Reconstructing more than 40 years soil re-distribution in two Taiwanese watersheds

Taiwan is a little smaller than the Netherlands, an island surrounded by the sea and has a population of circa 23 million. Add a central range of steep mountains and it is clear that the pressure on living space and natural resources is enormous. This is exemplified by the fact that Taiwan has become one of the countries facing water scarcity in the next decades. Taiwan has around 40 large reservoirs that hold around 4200 million cubic meter of all water, a recent study shows that around 300 million cubic meter of silt accumulates in Taiwan's reservoirs and further that only around 10% of sediment is removed each year. Therefore, reservoir management tries to counter the sedimentation problem at the source. However, for effective measures reliable data on the origins of the sediment and patterns and rates of erosion in the hinterland are needed. It is for example not well established what the effect is of the annual tropical cyclones on erosion rates of undisturbed steep forested slope land soils. Therefore, the authors present a novel method that aims at reconstructing more than 40 years of soil erosion and deposition within the two largest reservoir catchments in Taiwan.
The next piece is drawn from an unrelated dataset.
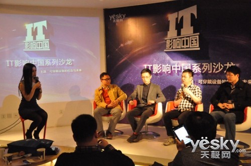 2013年11月2日,“IT影响中国”第一期沙龙——“可穿戴设备的机会与未来”正式开启,天极网盛邀多位来自可穿戴设备厂商、媒体、互联网以及风险投资的行业精英齐聚一堂,共同探讨可穿戴设备领域的热点话题。也希望凭借天极网十多年的行业经验与独到、专业的视角为大家呈现一个多维度的“可穿戴设备”产业。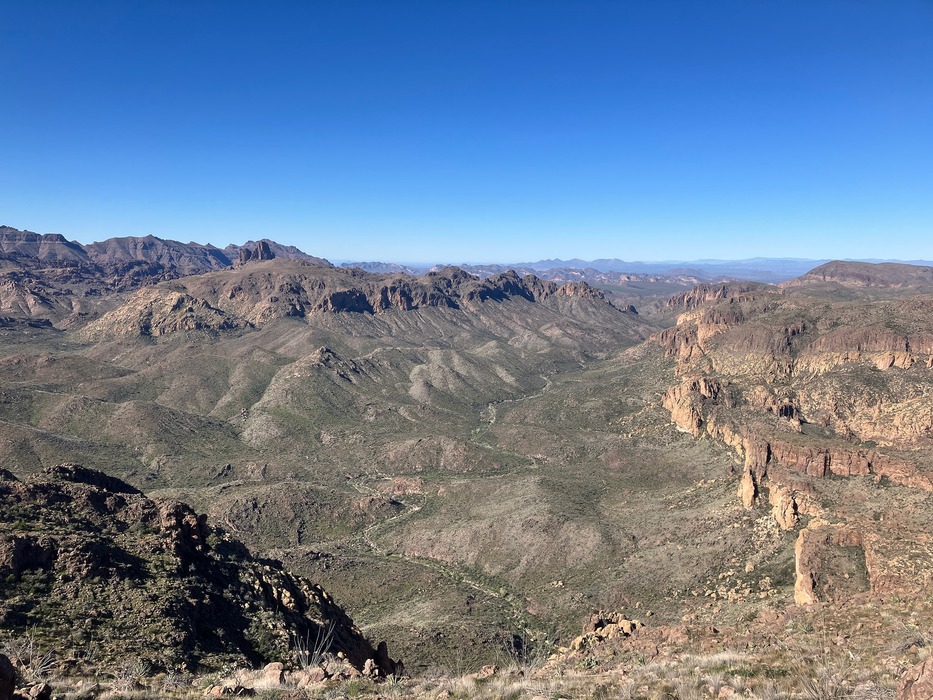 View NW from Picacho - Red Tanks Trail down below, Ridgeline/Weaver's/Bluff Spring Mtn beyond

The method combines the Cs-137 isotope technique, widely used to calculate soil re-distribution rates with a detailed representation of the watersheds in a GIS. More than 160 soil profile samples were collected in both undisturbed (forested) and disturbed (agricultural) locations across the watersheds. The sampling was based on an a priori stratification of the watersheds into landscape units that were assumed to have distinct ranges of soil re-distribution. Cs-137 activity levels in the soil profiles were measured in a radiological laboratory. Published conversion techniques were applied to compute soil re-distribution rates for observed Cs-137 inventories. Geo-statistical methods were then applied to obtain the relations between re-distribution rates and landscape units. These relations were then distributed using the GIS representation of the landscape units. The GIS-embedded models were calibrated and cross-validated and show maps of 40 years soil erosion and deposition across the studied watersheds as well as a map of estimate uncertainties.